Это – застывшая мысль маньяка, которая почти не реагирует на те или иные изменения в расстановке политических сил. Возможно, в сознании Гитлера советско-германский пакт – не более чем отсрочка. По плану, изложенному в «Майн кампф», сначала должна быть разгромлена Россия, а потом уже, видимо, Англия. Теперь, как выясняется, Англия будет первой, ибо из двух стран Россия оказалась сговорчивей. Но когда с Англией будет покончено, придет черед России – так, без сомнения, представляется Гитлеру. Произойдет ли это на самом деле – уже, конечно, другой вопрос.

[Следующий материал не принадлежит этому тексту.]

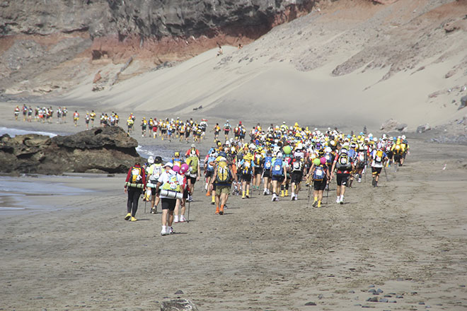 La primera edición de la Media Maratón des Sables de Fuerteventura suma 120 kilómetros repartidos en tres etapas que los 330 corredores, con edades comprendidas entre los 18 y 77 años, deberán superar con autonomía alimentaria.

Предположим, что программа Гитлера будет осуществлена. Он намечает, спустя сто лет, создание нерушимого государства, где двести пятьдесят миллионов немцев будут иметь достаточно «жизненного пространства» (то есть простирающегося до Афганистана или соседних земель); это будет чудовищная, безмозглая империя, роль которой, в сущности, сведется лишь к подготовке молодых парней к войне и бесперебойной поставке свежего пушечного мяса. Как же случилось, что он сумел сделать всеобщим достоянием свой жуткий замысел?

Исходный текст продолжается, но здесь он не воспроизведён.